### Extracted information
[Start of section]

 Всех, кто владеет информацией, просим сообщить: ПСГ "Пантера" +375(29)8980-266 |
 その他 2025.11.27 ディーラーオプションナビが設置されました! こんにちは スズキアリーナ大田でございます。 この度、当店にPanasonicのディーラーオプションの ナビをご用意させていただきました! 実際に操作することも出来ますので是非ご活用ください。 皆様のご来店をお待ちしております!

[End of section]
[Start of section]

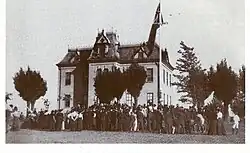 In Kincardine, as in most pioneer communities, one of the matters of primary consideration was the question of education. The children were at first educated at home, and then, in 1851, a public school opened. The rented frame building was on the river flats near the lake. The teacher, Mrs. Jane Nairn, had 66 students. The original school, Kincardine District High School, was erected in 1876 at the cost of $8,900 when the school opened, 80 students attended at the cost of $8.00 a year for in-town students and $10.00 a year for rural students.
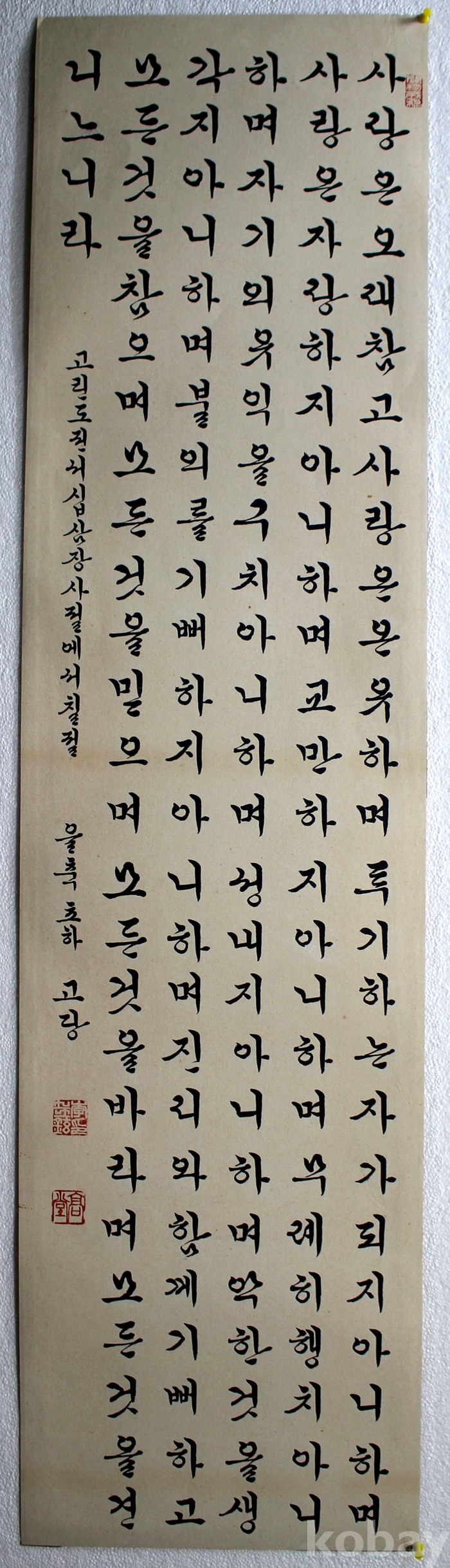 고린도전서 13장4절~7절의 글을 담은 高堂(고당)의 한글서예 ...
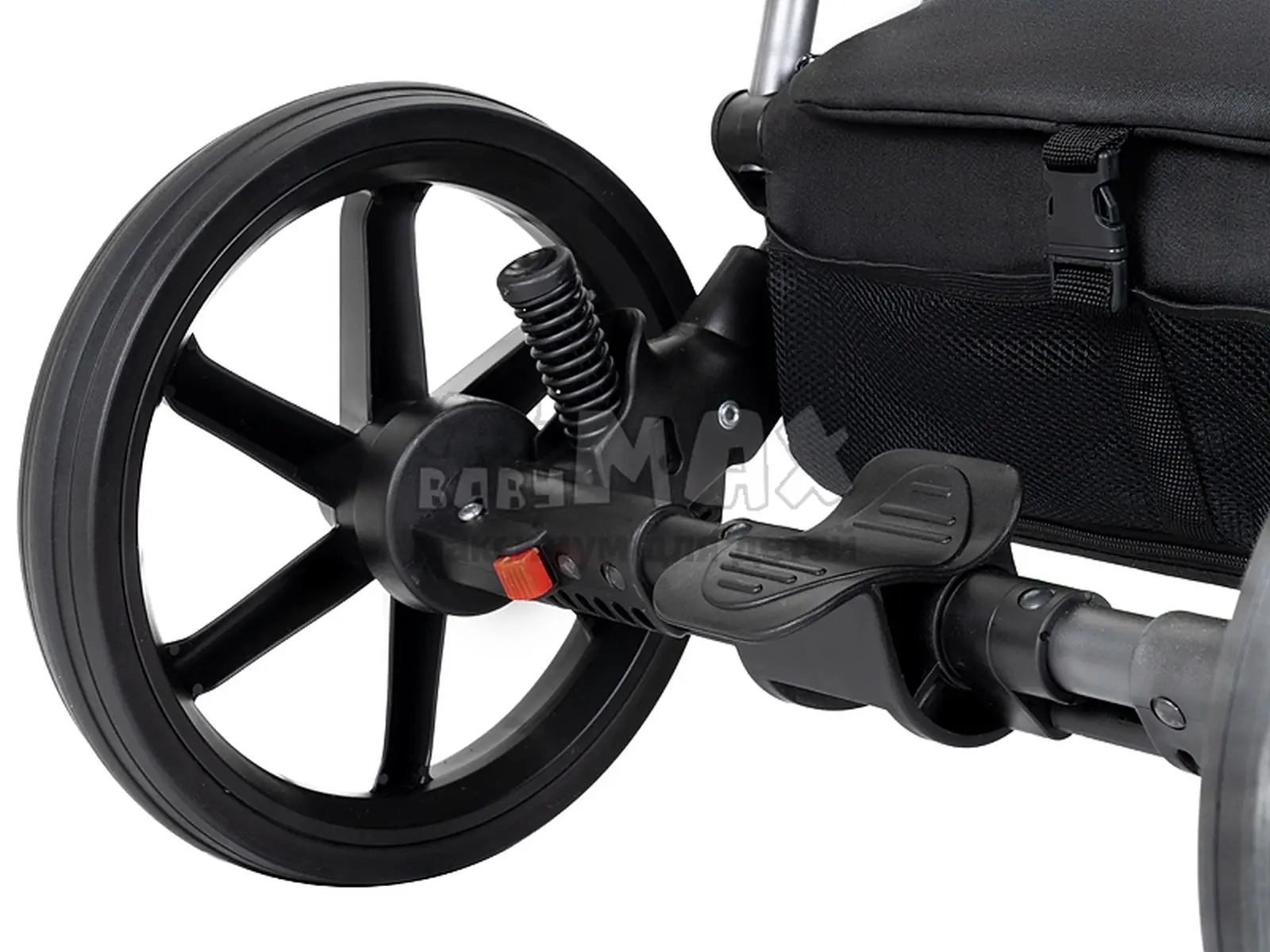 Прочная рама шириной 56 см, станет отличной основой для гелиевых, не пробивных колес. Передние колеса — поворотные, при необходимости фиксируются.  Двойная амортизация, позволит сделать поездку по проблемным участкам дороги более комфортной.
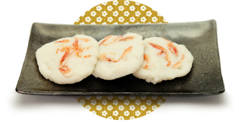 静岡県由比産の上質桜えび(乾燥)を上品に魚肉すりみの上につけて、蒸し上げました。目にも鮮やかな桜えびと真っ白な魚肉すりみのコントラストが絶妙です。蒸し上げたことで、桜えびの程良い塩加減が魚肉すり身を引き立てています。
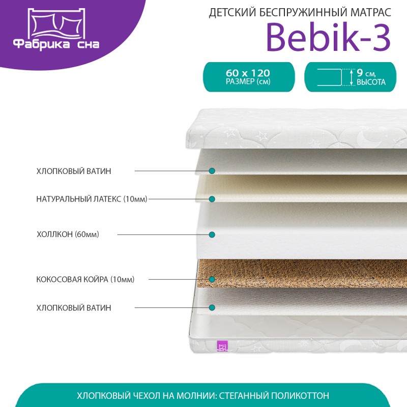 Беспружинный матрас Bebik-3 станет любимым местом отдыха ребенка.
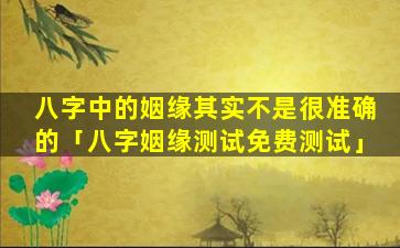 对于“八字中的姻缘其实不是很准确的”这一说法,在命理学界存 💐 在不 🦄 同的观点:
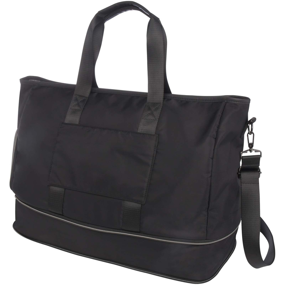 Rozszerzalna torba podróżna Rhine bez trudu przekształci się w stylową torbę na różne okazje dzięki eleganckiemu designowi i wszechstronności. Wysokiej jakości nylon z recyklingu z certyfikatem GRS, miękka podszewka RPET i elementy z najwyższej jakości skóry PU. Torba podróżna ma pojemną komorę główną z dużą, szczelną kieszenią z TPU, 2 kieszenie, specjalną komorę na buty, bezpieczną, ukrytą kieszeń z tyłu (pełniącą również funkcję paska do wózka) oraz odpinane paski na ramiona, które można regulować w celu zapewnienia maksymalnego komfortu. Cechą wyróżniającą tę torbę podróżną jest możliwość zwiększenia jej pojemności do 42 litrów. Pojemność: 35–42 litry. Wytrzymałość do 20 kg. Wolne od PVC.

[End of section]
[Start of section]

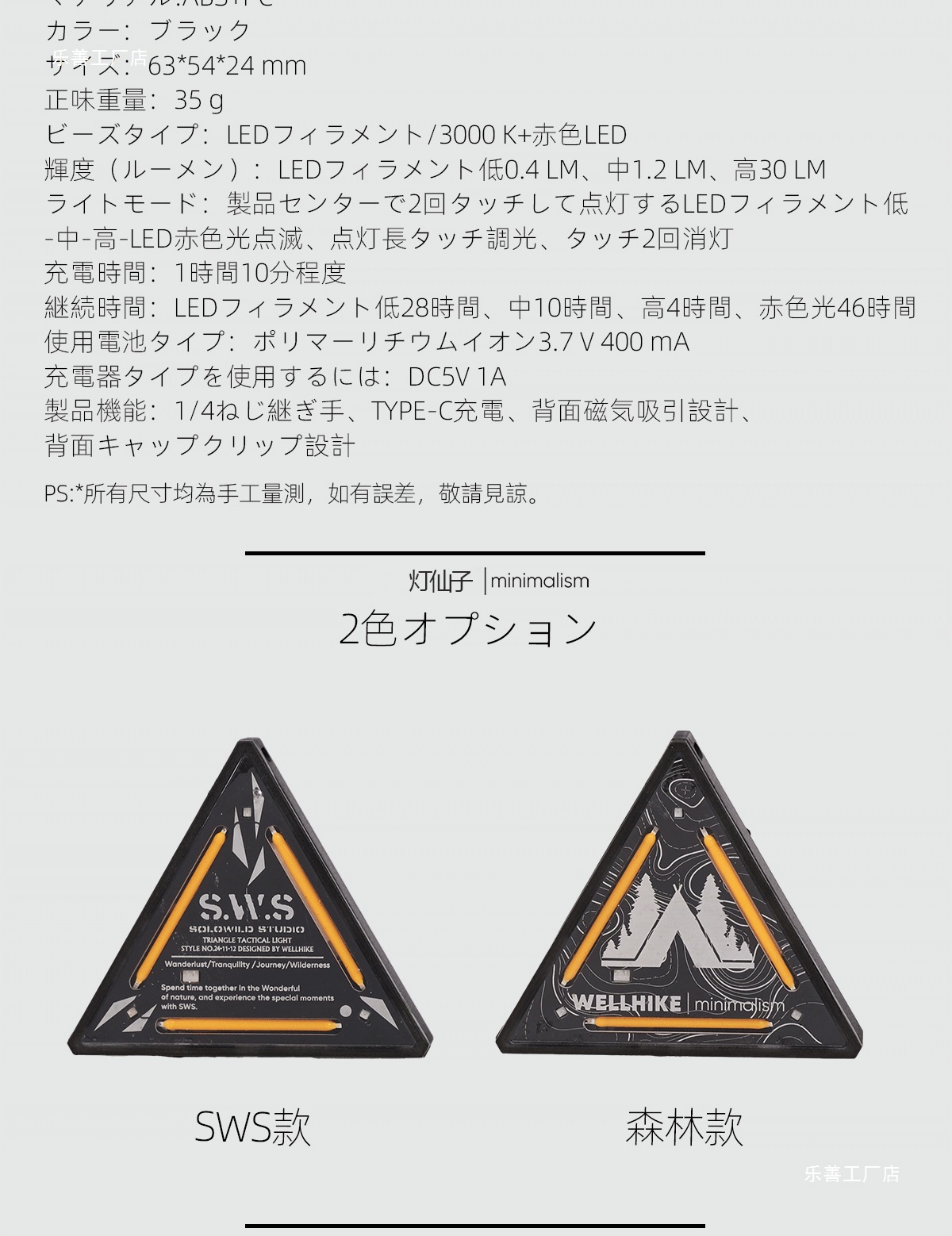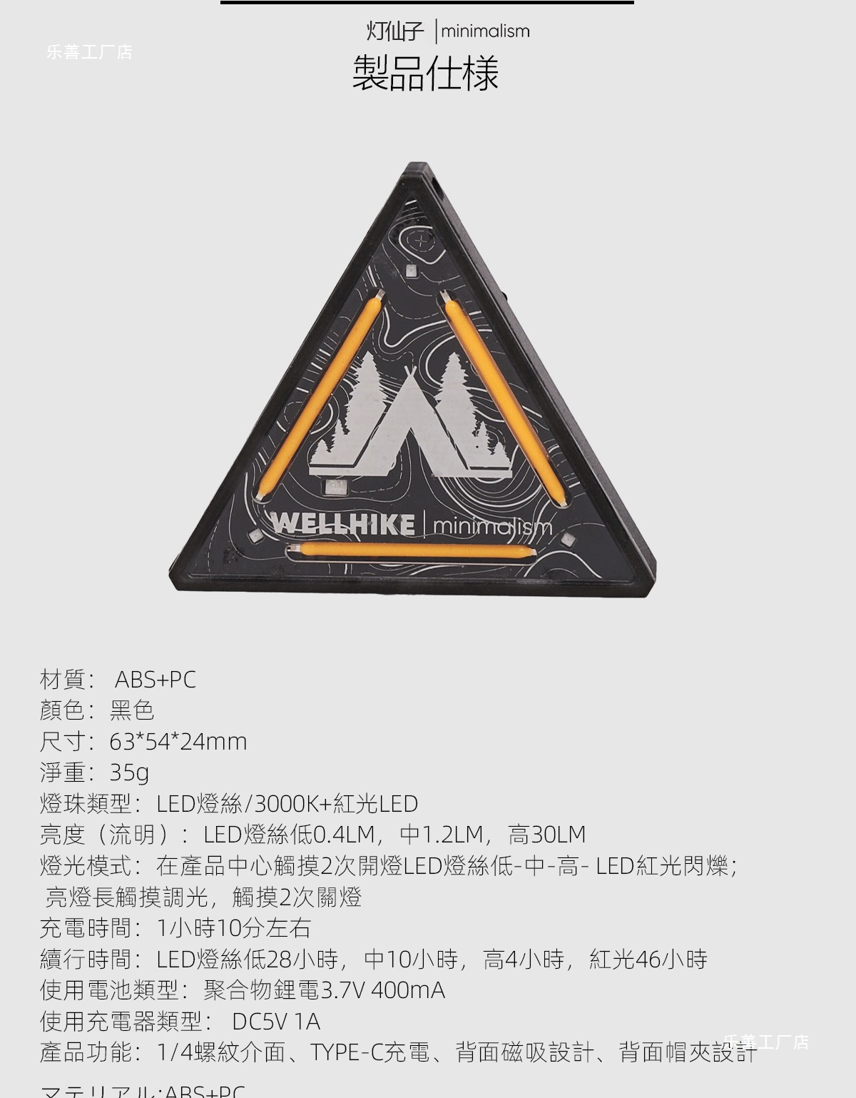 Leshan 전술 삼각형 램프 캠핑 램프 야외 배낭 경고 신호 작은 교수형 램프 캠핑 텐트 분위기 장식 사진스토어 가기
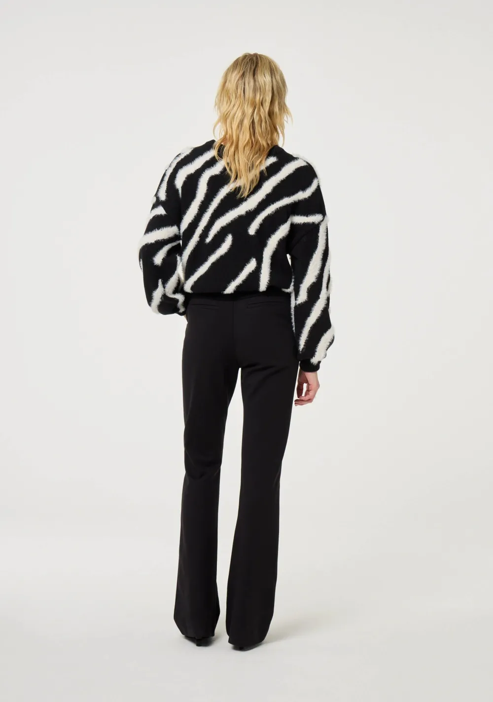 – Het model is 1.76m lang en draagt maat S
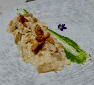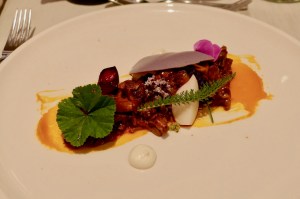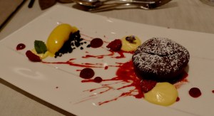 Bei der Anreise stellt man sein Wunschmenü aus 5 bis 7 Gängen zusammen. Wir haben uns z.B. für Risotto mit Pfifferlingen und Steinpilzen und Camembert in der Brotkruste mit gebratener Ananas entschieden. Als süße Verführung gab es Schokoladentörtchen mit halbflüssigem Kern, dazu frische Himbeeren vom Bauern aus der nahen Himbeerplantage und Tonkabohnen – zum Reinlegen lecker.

[End of section]

### Task statement
All that is wanted is a faithful reproduction of the line above with "Всех, кто владеет", the line with "その他 2025.11.27 ディーラーオプションナビが設置されました!", and every line in between.

### Response below
 Всех, кто владеет информацией, просим сообщить: ПСГ "Пантера" +375(29)8980-266 |
 その他 2025.11.27 ディーラーオプションナビが設置されました! こんにちは スズキアリーナ大田でございます。 この度、当店にPanasonicのディーラーオプションの ナビをご用意させていただきました! 実際に操作することも出来ますので是非ご活用ください。 皆様のご来店をお待ちしております!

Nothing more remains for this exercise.